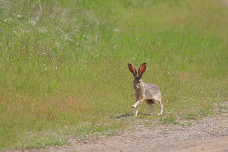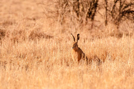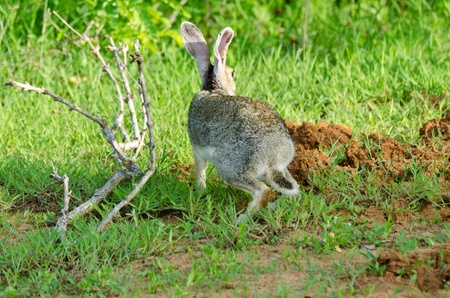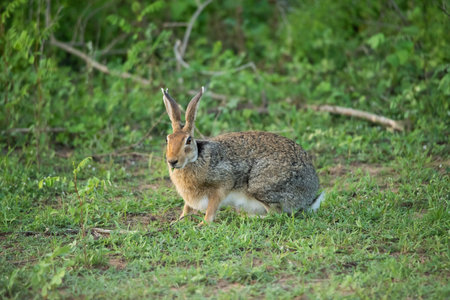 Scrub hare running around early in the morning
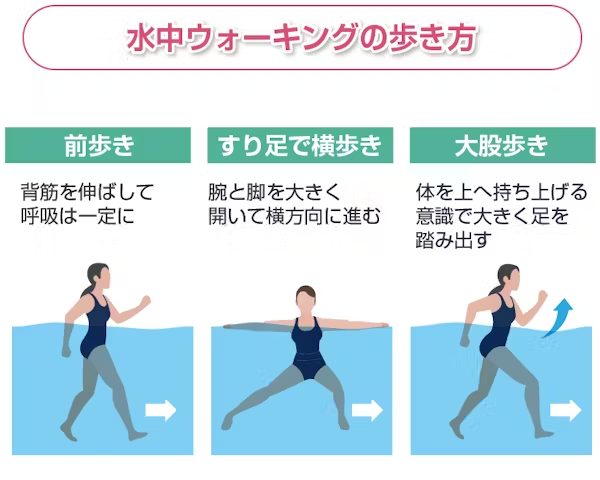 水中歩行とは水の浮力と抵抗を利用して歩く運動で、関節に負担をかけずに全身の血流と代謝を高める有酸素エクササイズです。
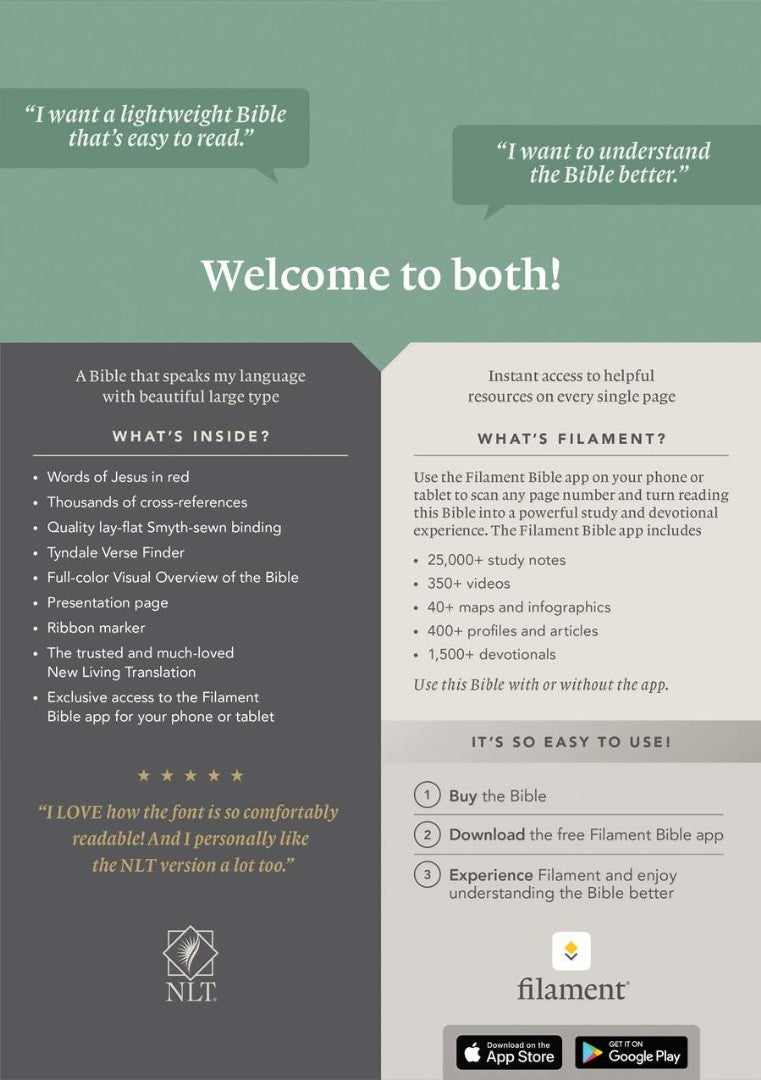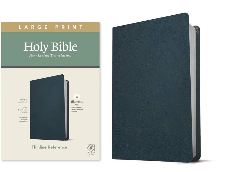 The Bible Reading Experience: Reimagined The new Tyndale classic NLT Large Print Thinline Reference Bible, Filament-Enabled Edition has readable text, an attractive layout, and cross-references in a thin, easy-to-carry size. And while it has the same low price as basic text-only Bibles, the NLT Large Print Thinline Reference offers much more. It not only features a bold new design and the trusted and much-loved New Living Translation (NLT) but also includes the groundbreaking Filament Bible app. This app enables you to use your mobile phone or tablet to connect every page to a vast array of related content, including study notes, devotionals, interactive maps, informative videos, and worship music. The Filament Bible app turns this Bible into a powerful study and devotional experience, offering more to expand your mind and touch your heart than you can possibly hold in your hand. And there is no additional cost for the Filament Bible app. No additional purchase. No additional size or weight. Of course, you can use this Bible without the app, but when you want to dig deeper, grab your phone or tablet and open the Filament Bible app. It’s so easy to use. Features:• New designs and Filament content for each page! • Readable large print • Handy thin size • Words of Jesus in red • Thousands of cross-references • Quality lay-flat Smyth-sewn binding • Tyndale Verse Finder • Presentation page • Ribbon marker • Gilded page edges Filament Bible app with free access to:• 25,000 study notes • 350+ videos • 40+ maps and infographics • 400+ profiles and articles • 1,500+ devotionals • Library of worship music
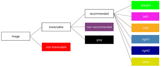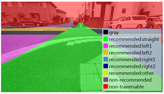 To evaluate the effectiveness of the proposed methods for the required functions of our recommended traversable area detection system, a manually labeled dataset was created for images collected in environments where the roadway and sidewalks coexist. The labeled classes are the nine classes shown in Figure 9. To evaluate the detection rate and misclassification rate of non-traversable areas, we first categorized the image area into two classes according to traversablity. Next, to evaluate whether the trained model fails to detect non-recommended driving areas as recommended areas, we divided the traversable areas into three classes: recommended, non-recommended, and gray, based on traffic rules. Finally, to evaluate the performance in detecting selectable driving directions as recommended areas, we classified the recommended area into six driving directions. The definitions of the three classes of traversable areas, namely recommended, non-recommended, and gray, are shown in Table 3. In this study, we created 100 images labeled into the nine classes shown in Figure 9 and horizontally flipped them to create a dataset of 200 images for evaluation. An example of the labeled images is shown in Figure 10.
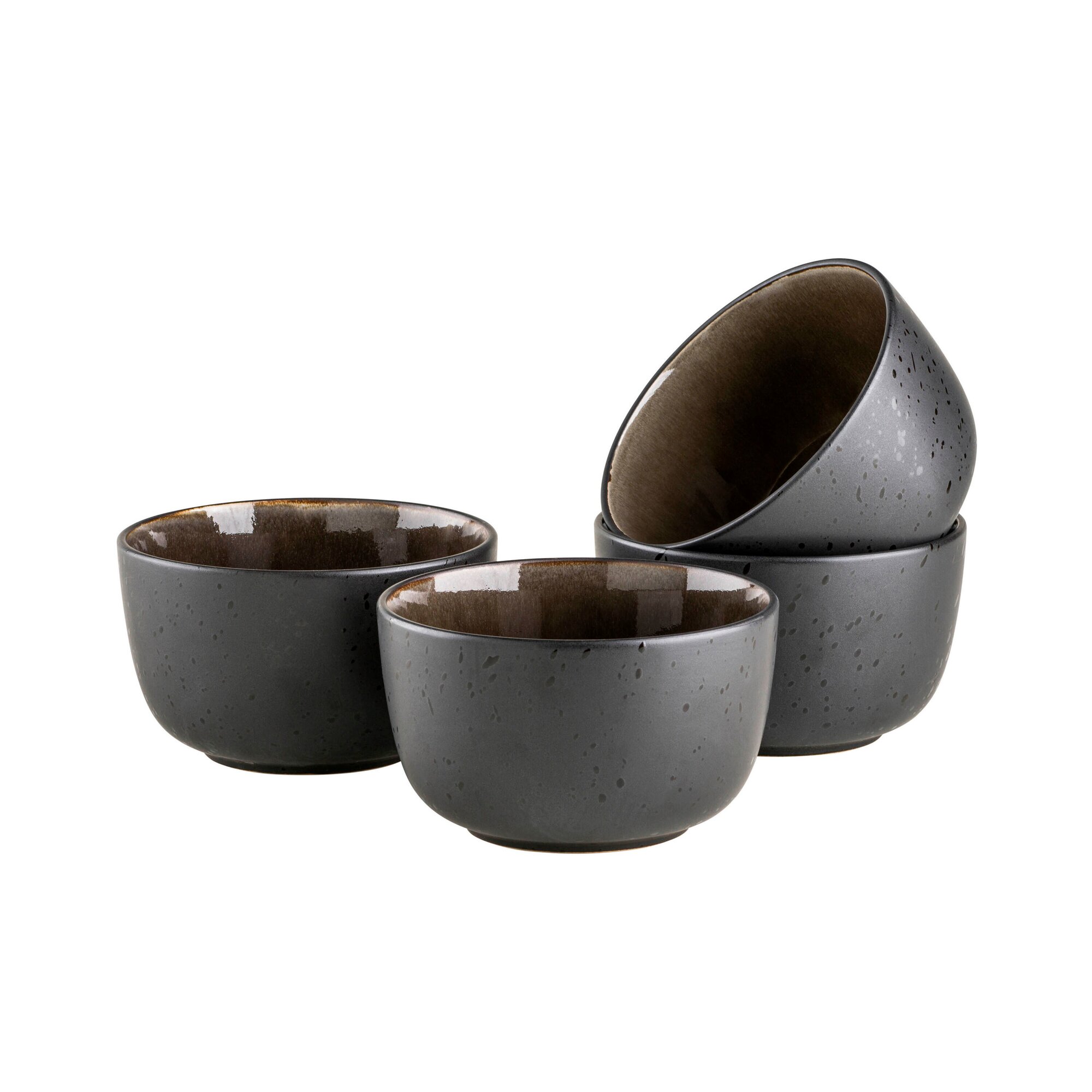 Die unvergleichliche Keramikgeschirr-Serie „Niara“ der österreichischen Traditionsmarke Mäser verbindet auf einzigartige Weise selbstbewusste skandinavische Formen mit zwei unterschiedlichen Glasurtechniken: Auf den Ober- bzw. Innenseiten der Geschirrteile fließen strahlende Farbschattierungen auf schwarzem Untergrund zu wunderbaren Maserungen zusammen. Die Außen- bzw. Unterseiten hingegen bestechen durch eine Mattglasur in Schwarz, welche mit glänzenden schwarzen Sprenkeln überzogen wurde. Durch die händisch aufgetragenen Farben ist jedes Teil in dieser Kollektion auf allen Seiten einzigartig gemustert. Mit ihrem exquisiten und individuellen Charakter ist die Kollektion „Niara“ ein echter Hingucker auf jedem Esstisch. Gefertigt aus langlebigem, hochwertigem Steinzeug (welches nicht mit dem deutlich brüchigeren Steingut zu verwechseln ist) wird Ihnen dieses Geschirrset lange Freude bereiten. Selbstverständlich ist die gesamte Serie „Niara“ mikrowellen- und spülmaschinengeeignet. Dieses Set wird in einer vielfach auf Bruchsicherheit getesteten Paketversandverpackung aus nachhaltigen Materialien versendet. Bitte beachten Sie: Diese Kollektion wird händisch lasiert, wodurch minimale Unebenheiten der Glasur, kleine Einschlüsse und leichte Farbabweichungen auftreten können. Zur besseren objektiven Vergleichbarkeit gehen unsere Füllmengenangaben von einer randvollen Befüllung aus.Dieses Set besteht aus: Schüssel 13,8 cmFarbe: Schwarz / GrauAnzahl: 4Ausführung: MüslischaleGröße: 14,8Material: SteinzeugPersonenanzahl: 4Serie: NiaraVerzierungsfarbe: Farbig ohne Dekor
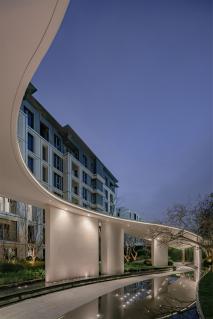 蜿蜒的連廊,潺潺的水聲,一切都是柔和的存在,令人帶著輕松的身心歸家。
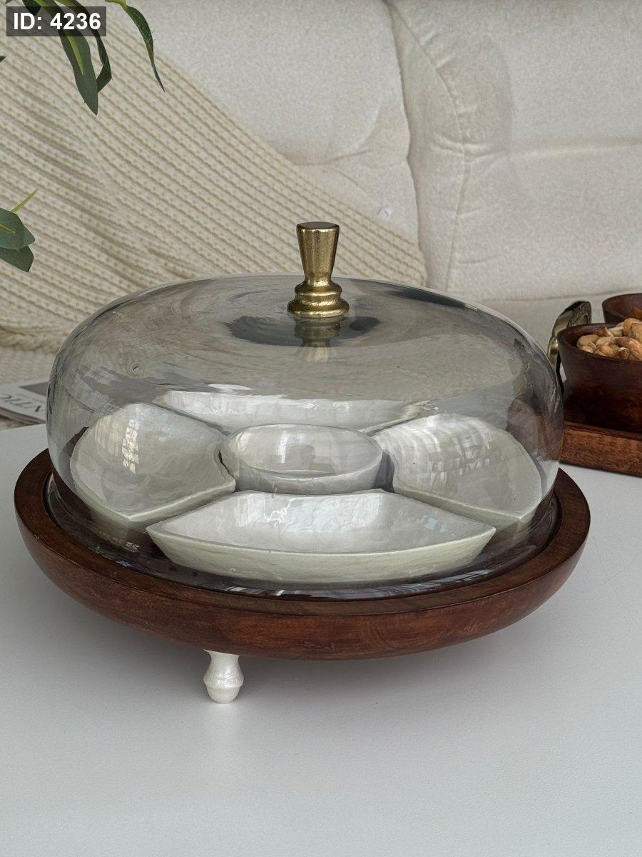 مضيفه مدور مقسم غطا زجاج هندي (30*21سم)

•••

WORK TO COMPLETE: Your task is to retype the lines running from the one that contains "蜿蜒的連廊,潺潺的水聲,一切都是柔和的存在,令人帶著輕松的身心歸家。" through the end of the records, and nothing else. Pictures are not part of the copy.

PROBLEM SOLUTION:
 蜿蜒的連廊,潺潺的水聲,一切都是柔和的存在,令人帶著輕松的身心歸家。
 مضيفه مدور مقسم غطا زجاج هندي (30*21سم)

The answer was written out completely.